To sum up, if you feel tight and restricted when moving in daily life, or when training any movement such as the squat or overhead press, you need a regular stretching routine that is tailored specifically to fix those tight muscles and tendons. That routine will work for as long as you continue to adhere to it. If you do it after your training sessions, it will also have the added benefit of relaxing your body and helping you recover better for the next session. It will not have much of an effect on sore muscles or injury prevention, but it could still help you feel looser, more relaxed, and more mobile.
Most importantly, your stretching routine should specifically address the areas that you and your trainer feel are lacking in mobility and flexibility. Develop the right post-training stretch routine, stick to it, and reap the benefits.
Buroker, K.C. & Schwane, J.A. (1989). Does Postexercise Static Stretching Alleviate Delayed Muscle Soreness? The Physician and Sportsmedicine. 17(6).
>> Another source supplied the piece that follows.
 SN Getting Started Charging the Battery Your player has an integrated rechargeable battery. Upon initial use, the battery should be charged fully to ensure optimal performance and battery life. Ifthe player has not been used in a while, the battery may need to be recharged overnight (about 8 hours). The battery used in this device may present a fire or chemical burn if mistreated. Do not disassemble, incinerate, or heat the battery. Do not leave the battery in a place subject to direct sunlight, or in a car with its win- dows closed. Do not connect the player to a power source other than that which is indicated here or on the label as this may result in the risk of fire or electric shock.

Depino, G.M., Webright, W.G., & Arnold, B.L. (2000). Duration of Maintained Hamstring Flexibility After Cessation of an Acute Static Stretching Protocol. Journal of Athletic Training. 35(1), 56-59.
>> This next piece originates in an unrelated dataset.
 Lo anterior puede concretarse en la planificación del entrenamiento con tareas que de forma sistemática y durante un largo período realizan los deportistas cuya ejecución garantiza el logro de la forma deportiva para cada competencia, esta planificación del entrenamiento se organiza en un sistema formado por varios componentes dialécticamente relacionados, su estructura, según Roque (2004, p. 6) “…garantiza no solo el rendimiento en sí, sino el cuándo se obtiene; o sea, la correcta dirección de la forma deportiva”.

Farinatti P.T., Brandão C., Soares P.P., Duarte A.F. (2011). Acute effects of stretching exercise on the heart rate variability in subjects with low flexibility levels. The Journal of Strength and Conditioning Research. 25(6), 1579–1585.
Feeny, D., Huguet, N., McFarland, B. H., Kaplan, M. S., Orpana, H., & Eckstrom, E. (2012). Hearing, mobility, and pain predict mortality: a longitudinal population-based study. Journal of Clinical Epidemiology, 65(7), 764–777.
High, D.M., Howley, E.T. & Franks, D.B. (1989). The Effects of Static Stretching and Warm-Up on Prevention of Delayed-Onset Muscle Soreness. Research Quarterly for Exercise and Sport. 60(4).
Nelson, R.T. & Bandy, W.D. (2004). Eccentric Training and Static Stretching Improve Hamstring Flexibility of High School Males. Journal of Athletic Training. 39(3), 254-258.
Robert, R.D. & Noronha, M.D. (2007). Stretching to prevent or reduce muscle soreness after Exercise. Cochrane Database of Systemic Reviews. Cochrane Bone, Joint and Muscle Trauma Group.
Safran, M.R., Seaber, A.V. & Garrett, W.E. (1989). Warm-Up and Muscular Injury Prevention. An Update. Sports Medicine. 8(4), 239-249.
Thacker, S.B., Gilchrist, J., Stroup, D.F. & Dexter, K. (2004). The Impact of Stretching on Sports Injury Risk: A Systematic Review of the Literature. Medicine & Science in Sports & Exercise.
Witvrouw, E., Mahieu, N., Danneels, L. et al. (2004). Stretching and Injury Prevention. An Obscure Relationship. Sports Medicine. 34(7), 443-449.